**ACTIVITY:** Although the records include pictures, the copy should not; write out exactly the lines from the first through the line with "Includes a stovetop".

[Collection entries]
---------------

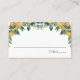 Escort cards featuring branches of greenery with orange clementines. Write in guests' names and table numbers.
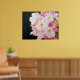 Delicate pink blossoms cluster together with soft petals and vibrant yellow centres, set against a dark background that enhances their vividness. The composition captures the flowers in full bloom, showcasing their intricate details and natural beauty.
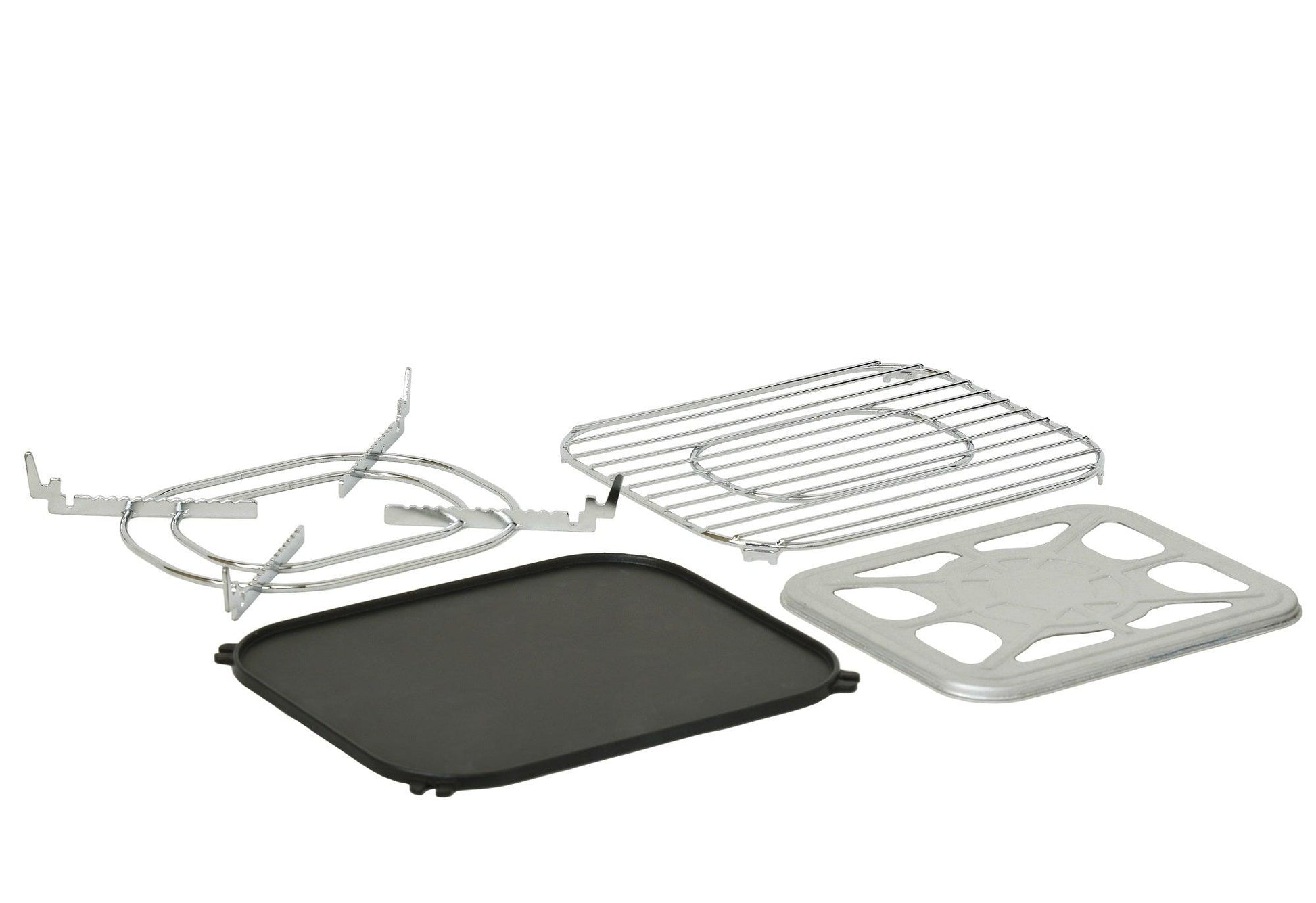 Includes a stovetop grate, BBQ grate, double-sided griddle, and pot/wok cover, giving you the freedom to cook anything from pancakes to stir-fry to grilled steaks.
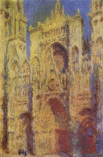 В 1892 Клод Моне приступил к написанию цикла, посвященного Руанскому собору. За два года живописец выполнил 50 картин, на которых представил готический фасад собора последовательно в разное время суток: с раннего утра до вечера. Солнечный свет творит удивительные метаморфозы не только с цветом, но и с самой каменной сутью собора. Простоявшая несколько веков стена, благодаря готической ажурности и заливающему ее свету, кажется почти невесомой и нерукотворной. Свет словно проникает в нее, растворяя в себе каменную мощь. Под кистью Моне собор более не представляет материальной субстанции и становится эфемерным. Он будто сливается с небом, перестает быть земным творением. Не этого ли эффекта и хотели добиться зодчие далекого Средневековья, вздымая в небо каменное кружево церковных стен? Моне проник в концептуальную суть готического искусства. Позднее, во время путешествия в Италию, художник найдет импрессионистическими венецианские дворцы (произведения итальянской готики). Цикл «Руанский собор» был выставлен в 1895 и имел огромный успех.
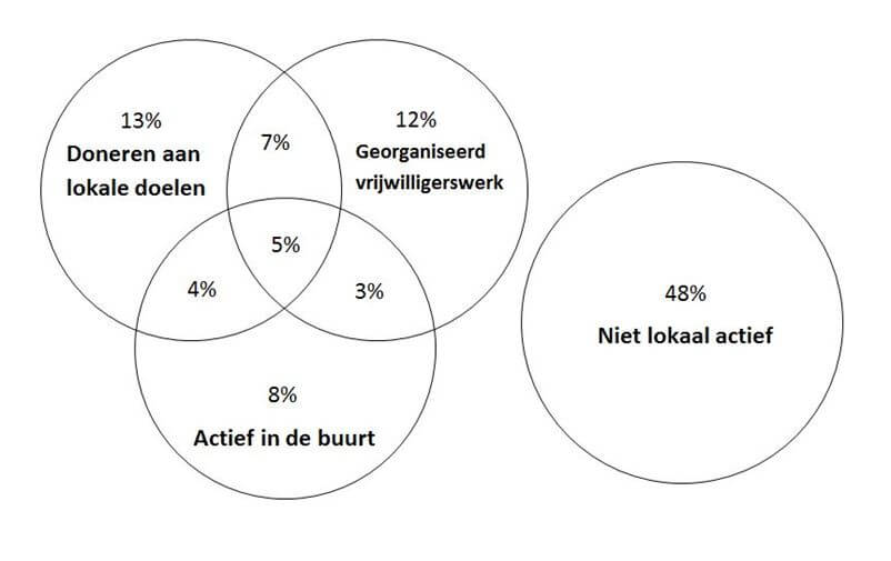 Uit ons onderzoek blijkt dat 52 procent van de Nederlanders op een of meerdere manieren lokaal participeert. Veel mensen die ongeorganiseerde activiteiten in de buurt verrichten besteden ook tijd of geven geld aan lokale organisaties. Zo besteedt drie procent van alle Nederlanders tijd aan zowel georganiseerde als ongeorganiseerde vrijwillige lokale activiteiten, terwijl vier procent zowel actief is in de buurt als geld doneert aan organisaties die lokaal actief zijn. Er is een groep van vijf procent zeer actieven die vrijwilligerswerk doen voor een organisatie, geld geven aan lokale instellingen en zelf actief zijn in de buurt. Structureel vrijwilligerswerk binnen een organisatie blijkt populairder dan actief burgerschap. Negentien procent van de bevolking is ten minste eenmaal per maand actief als vrijwilliger in organisatieverband zonder ongeorganiseerde vrijwillige activiteiten te uit te voeren, terwijl twaalf procent zich enkel bezighoudt met activiteiten voor de buurt op informele basis.
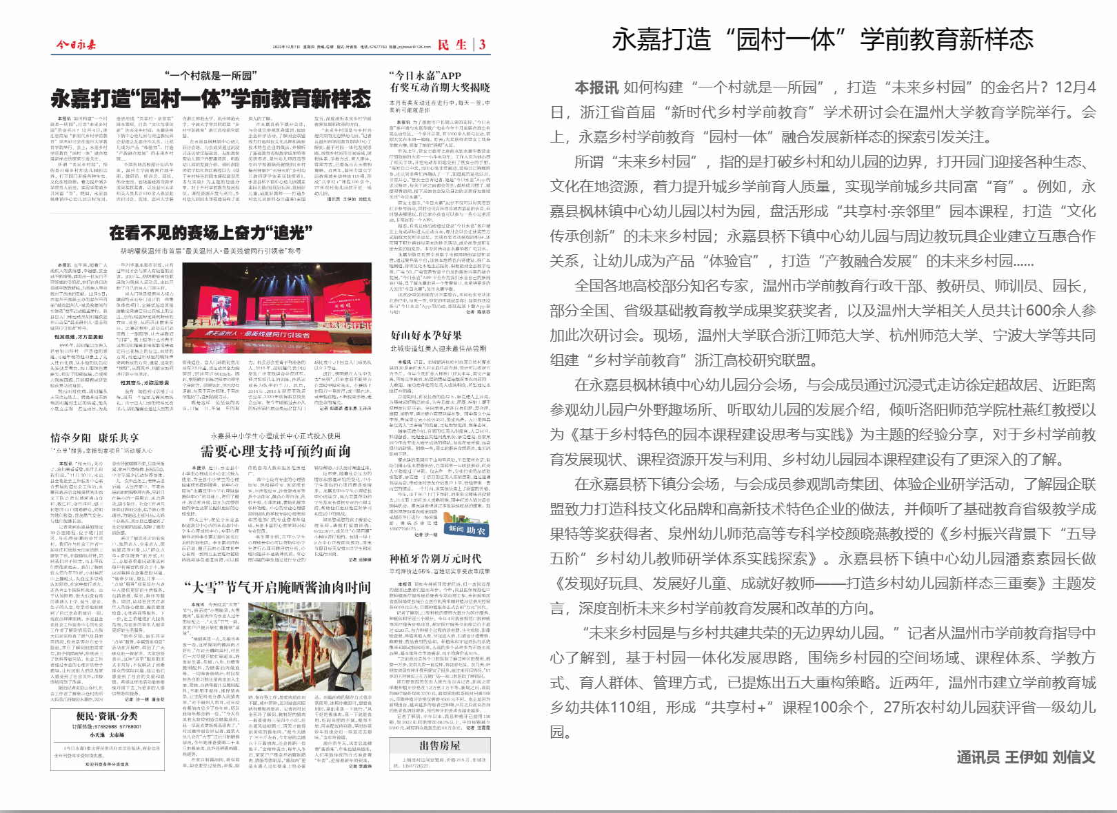 如何构建“一个村就是一所园”,打造“未来乡村园”的金名片?12月4日,浙江省首届“新时代乡村学前教育”学术研讨会在p站视频 举行。会上,永嘉乡村学前教育“园村一体”融合发展新样态的探索引发关注。

---------------

**EXPECTED ANSWER:**
 Escort cards featuring branches of greenery with orange clementines. Write in guests' names and table numbers.
 Delicate pink blossoms cluster together with soft petals and vibrant yellow centres, set against a dark background that enhances their vividness. The composition captures the flowers in full bloom, showcasing their intricate details and natural beauty.
 Includes a stovetop grate, BBQ grate, double-sided griddle, and pot/wok cover, giving you the freedom to cook anything from pancakes to stir-fry to grilled steaks.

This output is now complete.